Fri, Aug 5, 2011 : 2:48 p.m.

I live on a small side street in Ann Arbor with a 500 student school and yes, traffic is a problem once and a while, especially when they have their ice cream social. But, on the weekends, the school is like a park. Our kids play on the playground, people walk their dogs around the school and play ball on the baseball diamond. I would much rather have a school than a strip mall. Having the Fortis Academy right down the block already from the proposed site, most of the NIMBY arguments should have fallen on deaf ears. I fear that the neighborhood people don't want an Islamic Academy in their neighborhood. I wonder what would have happened if this was a Christian School?


Fri, Aug 5, 2011 : 8:39 p.m.

I find it distressing that so many people are so willing to accuse people they don't even know of discrimination. Why is this? Does it make one feel superior? Do some see the world as a basically hostile place? Does one simply lack imagination as to other possible casues? i really don't get it.

Sandria Kellermann

Fri, Aug 5, 2011 : 2:13 p.m.

We live on the Pittsfield Township border and this is truly sad. No matter what the publicly stated reasons, my instincts tell me there is underlying fear and prejudice here. Since when does a good school hurt property values particularily a religious school? We have some of the best public schools in the state if not the country, and it is sad that more Muslim kids don't join us in public schools so our kids can learn what being American means and learn to reach out to all Americans. But no wonder they need their own schools, who can blame them? With this much ambivalence, and underlying fear, these American kids deserve to have their own religious school too. What are your fears? Are they that if the school is built more Islamic families will buy property here? As a half Jewish/Catholic girl, remember our past mistakes and let us not repeat them. On the eve of 9-11, our ten year anniversary, this is a sad depiction of who we are here in Ann Arbor/Pittsfield area. These are our fellow Americans. These are CHILDREN who will add value to our neighborhoods as other schools have done for us,and help the housing market which is abysmal now, and add to the richness of our own childrens' lives as they blend with ours in friednships. We are better than this. It is why I moved here with my family because I believed in the values that this area has always had of tolerance,acceptance and respect. Open your hearts and minds friends.

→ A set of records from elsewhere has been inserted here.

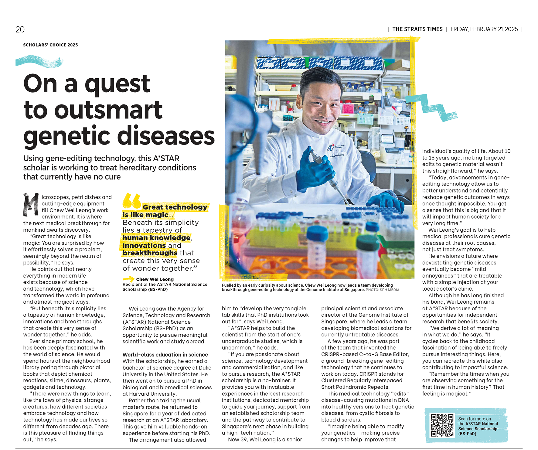 21 February 2025 - Dr Chew Wei Leong, Senior Principal Scientist at A*STAR Genome Institute of Singapore (A*STAR GIS) shares his journey at A*STAR. From an early age, he was deeply fascinated with the world of science. His passion led him to pursue an A*STAR National Science Scholarship, earning degrees from Duke University and Harvard University. Wei Leong currently leads a team to develop biomedical solutions for currently untreatable diseases. He was part of the team that invented the CRISPR-based C-to-G Base Editor, a ground-breaking gene-editing technology that he continues to work on today. Read his story below:
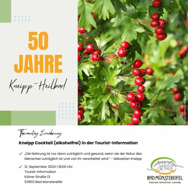 Seit genau 50 Jahren darf Bad Münstereifel sich „Kneipp-Heilbad“ nennen. 😍 Anlässlich dieses Jubiläums finden vom 9. bis zum 13. September 2024 fünf Schnuppertage statt, die sich jeweils auf eine der fünf Säulen nach Kneipp beziehen: 📆 9. September: Thementag „Balance“ – Der Weg zur Kneipp-Kur – Vortrag mit Badearzt Johannes-Peter Klein 📆 10. September:…
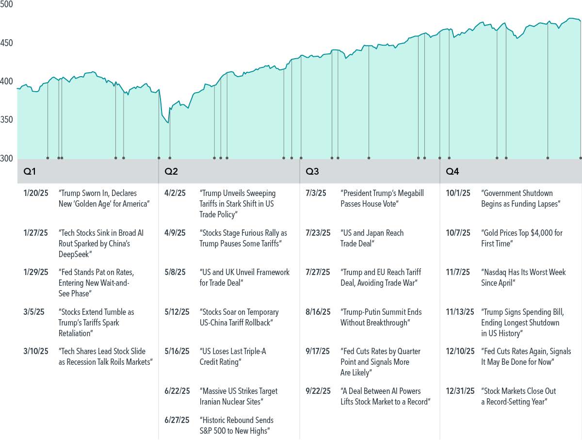 US stocks notched their third year in a row of double-digit gains, but it wasn’t the smoothest ride. The S&P 500 hit records in the winter that were followed by a spring swoon. After powering past that to new highs in the fall, the markets cooled a bit along with the temperatures.3 Still, the S&P 500 was up 17.9% for the year and closed near record levels.4 The climb came despite tariff uncertainty, interest rate changes, and concerns about the durability of AI’s gains—not to mention the longest government shutdown in US history.5
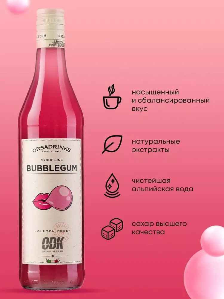 Вкус детства с тонким и ярким фруктовым ароматом нравится и взрослым и детям. Его любят за неповторимые вкусовые ноты и яркое сочетание фруктовых компонентов. Сироп для коктейлей «Баббл Гам» моментально переносит нас в чудесные детские годы. Фруктово-ягодный всплеск, приятная сладость и едва ощутимая кислинка наполняют напитки неповторимым букетом вкуса. Сочетание удивительное, оно радует и поднимает настроение, поэтому вкус жвачки так любят многие.
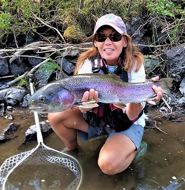Lani caught her very first trout on a small elk hair caddis in Hot Creek in the Eastern Sierra the summer of 1979. Having no earthly idea how to land the poor thing it became so entangled in weeds and fly line it’s a miracle it swam off and survived. The following year, sitting casually on a rock in the West Walker river, she caught her first sizable trout on what was then called a ‘birds’ nest” nymph. With very little experience playing a larger fish, her inappropriate 6X tippet snapped under the pressure and the fish swam away with her fly. And so, the game began.
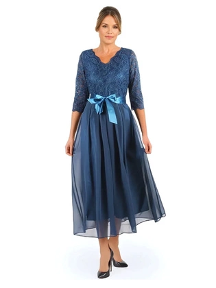 Niebieska sukienka w prostym fasonie, elegancka kreacja z koronki i tkaniny 20005.
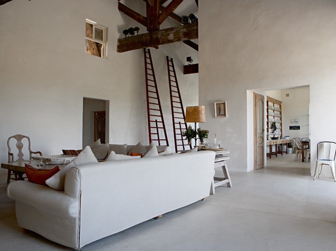 The furniture is not overdone, mostly vintage or brocante pieces, the accent is on colour, patina and textures. The bareness of the walls in the sitting room provide a striking set for the two huge orchard ladders.
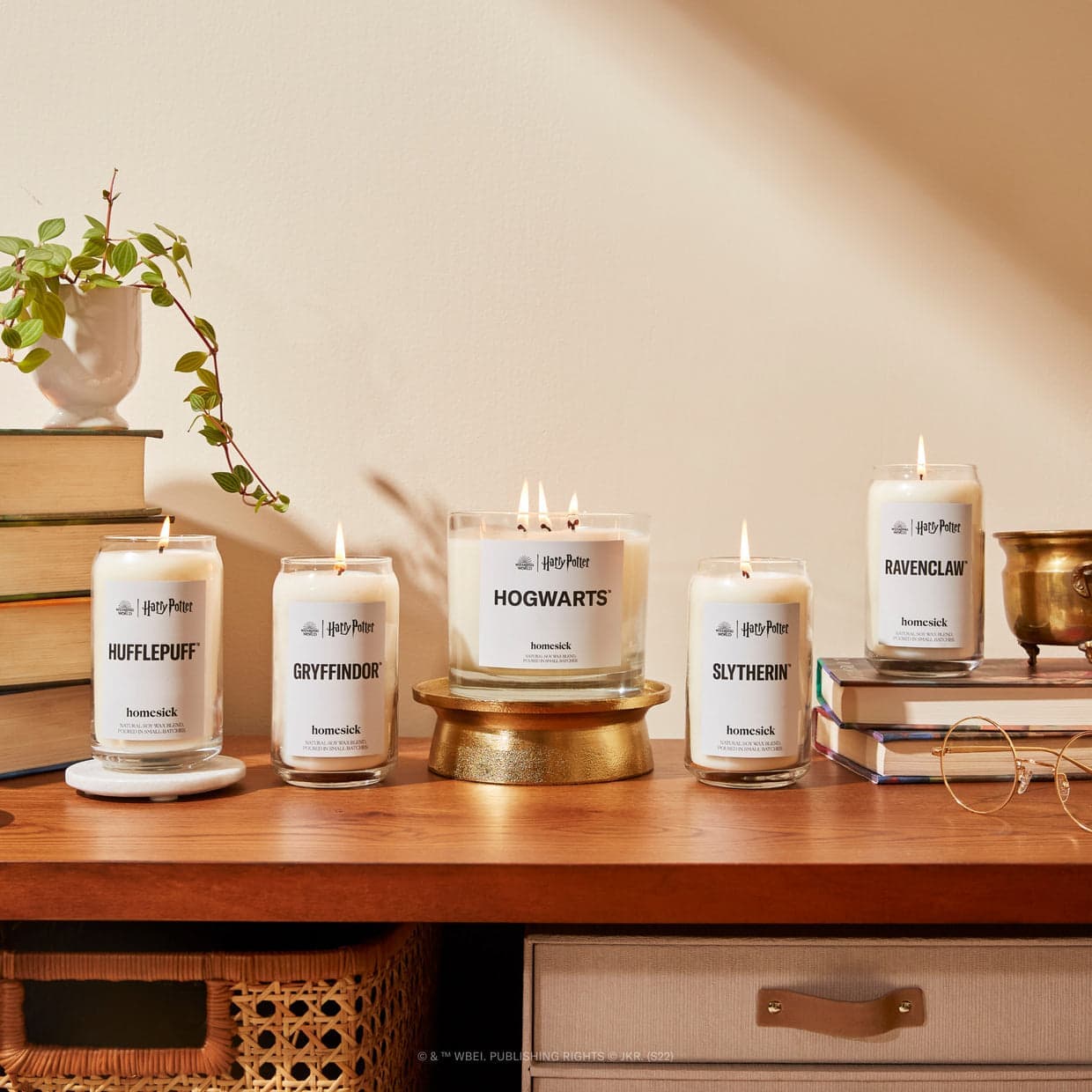 Cette collection exclusive comprend cinq nouvelles chandelles dignes de la magie du monde d’Harry Potter. Il y a Gryffondor, Poufsouffle (Hufflepuff), Serdaigle (Ravenclaw) et Serpentard (Slytherin).

Fri, Aug 5, 2011 : 8:07 p.m.

@the compound, re your question ....reality?? ( assuming , of course,)one is paying attention.


Fri, Aug 5, 2011 : 3:38 p.m.

I thought the CHILDREN were already in the neighborhood, they just have to carpool to their private school? And, I know we have "Godwin's Law" regarding bringing up the hitler/nazi's, we have a "Law" when 9/11 gets used as an excuse?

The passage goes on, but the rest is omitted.